Mo’ Data, Mo’ Problems?

February 22, 2013
Posted by Jay Livingston   

“Big data has trouble with big problems,” says David Brooks (here).
we’ve had huge debates over the best economic stimulus, with mountains of data, and as far as I know not a single major player in this debate has been persuaded by data to switch sides.
But it’s not the data that has trouble with big problems, it’s the “major players.” You can’t blame the data for the resistance of those players. 

I’m not sure who he means by that phrase. Politicians? If Brooks thinks a politician will renounce a cherished policy just because the data show it to be unfounded, he is indeed naive. 

But economists, too, cling to their theories, and for similar reasons. The theory has served them well in the past.  It rests on evidence, and it has explained and solved many problems.  The economists are like scientists in Thomas Kuhn’s Structure of Scientific Revolutions. They have been doing “normal science,” science framed by the dominant paradigm, and are now faced with an anomalous bit of evidence.  Kuhn doesn’t really blame them for not jettisoning the paradigm that has been the basis of their life’s work.  After all, the firm commitment to that paradigm, the belief that it can solve all its problems –  “that same assurance is what makes normal or puzzle solving science possible.”  And most science is normal science.

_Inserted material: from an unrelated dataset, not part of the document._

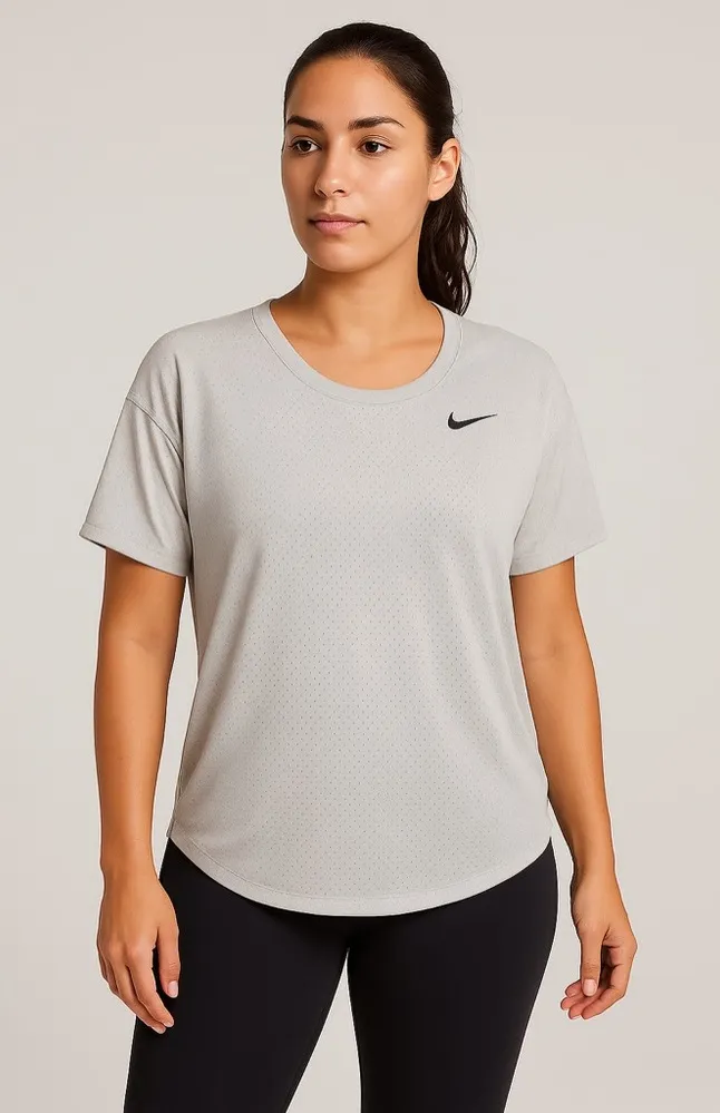 Stay cool and dry with this Nike Dri-FIT perforated tee in light gray. Designed with breathable micr... Show more
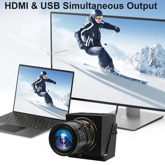 USB Simultaneous Output: 4K HDMI camera has 3 display modes. USB mode / HDMI mode / USB & HDMI mode simultaneously display. It comes with an HDMI cable and a USB 3.0 Type-C cable for simultaneous HDMI and Type-C output to two external monitors. There are 4 video compression methods: MJPEG, YUY2 (YUYV), H. 264 and H. 265. By adopting USB 3.0, it provides high-quality images with a frame rate of 60 fps for all resolutions of MJPEG and H. 265 compression methods. ^^ Adjustable Focal Length - 4x

To abandon the old paradigm in favor of a new one, says Kuhn, is “a conversion experience.”  Scientists “whose productive careers have committed them to an older tradition of normal science” are unlikely converts.  He quotes Max Planck:
a new scientific truth does not triumph by convincing its opponents and making them see the light, but rather because its opponents eventually die, and a new generation grows up that is familiar with it.
Paul Krugman  has a better quote from Planck.  “Science progresses funeral by funeral.”